- Конечно-конечно, прелесть моя, - отвечал Шатопер, чуть отстраняясь и с удивлением отмечая не только новый наряд, столь разительно переменивший ее из уличной девки в обычную горожанку, но и исхудавшие щечки; впрочем девушка все еще нравилась ему – вернее, понравилась сызнова теперь, по прошествии нескольких месяцев.
- Но… но, монсеньор, почему же в таком случае вы не навестили несчастную, которая ждала вас днями напролет?.. Разве не приходил к вам Квазимодо сказать, где я?
- Квазимодо?.. Кто это? Тот горбун из Нотр-Дама, что обитает в колокольне?
Плясунья молча кивнула, с обожанием глядя на офицера: у нее и в мыслях не было упрекнуть его – только услышать причину его длительного отсутствия.
- Знайте, сударыня, если вы и посылали его ко мне, то он не исполнил вашего поручения: я не видел его с самого дня ареста, когда урод пытался похитить вас, - и красавец принял вид столь оскорбленный, будто это именно Эсмеральда была повинна в их долгой разлуке.
- Но как же… ведь он… - малютка чуть не расплакалась от обиды на звонаря, но одновременно и от облегчения – получается, все, что тот говорил о Фебе – ложь от первого до последнего слова.
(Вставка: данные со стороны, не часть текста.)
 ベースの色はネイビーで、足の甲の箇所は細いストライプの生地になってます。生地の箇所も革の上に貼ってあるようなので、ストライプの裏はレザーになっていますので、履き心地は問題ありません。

- Красавица моя, да разве это повод расстраиваться? – смягчился офицер, приобнимая цыганочку за плечо. – Не будем вспоминать о досадных недоразумениях и хромых звонарях. Главное, мы теперь вместе, и уж не расстанемся до смерти!
- Вместе!.. – радость и нежность смешались в девичьем голоске, и эта искренность пробрала даже обычно равнодушного к подобным сантиментам школяра.
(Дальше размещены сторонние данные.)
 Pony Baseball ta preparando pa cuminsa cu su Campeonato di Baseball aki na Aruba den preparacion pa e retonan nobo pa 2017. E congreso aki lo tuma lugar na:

- Жеан, друг мой, - капитан на минуту отстранился от не спускавшей с него восторженного взгляда плясуньи и, подхватив мальчишку под локоть, быстро зашептал ему на ухо, - не могли бы вы обождать с часок-другой? Кажется, более удачного времени для свидания не найти – девчонка влюблена в меня, как кошка!
- Да вы с ума сошли!.. – воскликнул юный повеса, однако под предостерегающим взором собеседника тоже перешел на шепот. – А если вернется ее похититель?
- Будем надеяться, этот малый достаточно благоразумен, чтобы не вмешиваться в естественный ход вещей, - пожал плечами де Шатопер. – Если же нет, пара лишних дырок в теле, я думаю, укротят его пыл.
На этих словах он отпустил замершего школяра и вернулся к по-прежнему стоявшей у порога Эсмеральде:
- Ну, милочка, покажете вы мне свое скромное пристанище?
- Монсеньор, ведь я здесь не по своей воле!.. – начала было цыганка.
- Уверен, дитя, это долгая история.Не лучше ли нам пройти в дом?
- Но священник, он может вернуться… Феб, давай уйдем отсюда поскорее! Я ужасно боюсь; он убьет тебя!..
- Сударыня, вы, кажется, сомневаетесь в моей мужественности? – сухо спросил офицер.
- Нет, конечно, нет! – испугалась плясунья. – Я только страшусь за вашу жизнь.
- В таком случае, дорогая моя, вы напрасно беспокоитесь. Я смогу постоять и за себя, и за тебя, малютка. Ты мне веришь?
- О!.. – только и смогла вымолвить красавица, позволяя капитану завести себя внутрь хижины; дверь захлопнулась.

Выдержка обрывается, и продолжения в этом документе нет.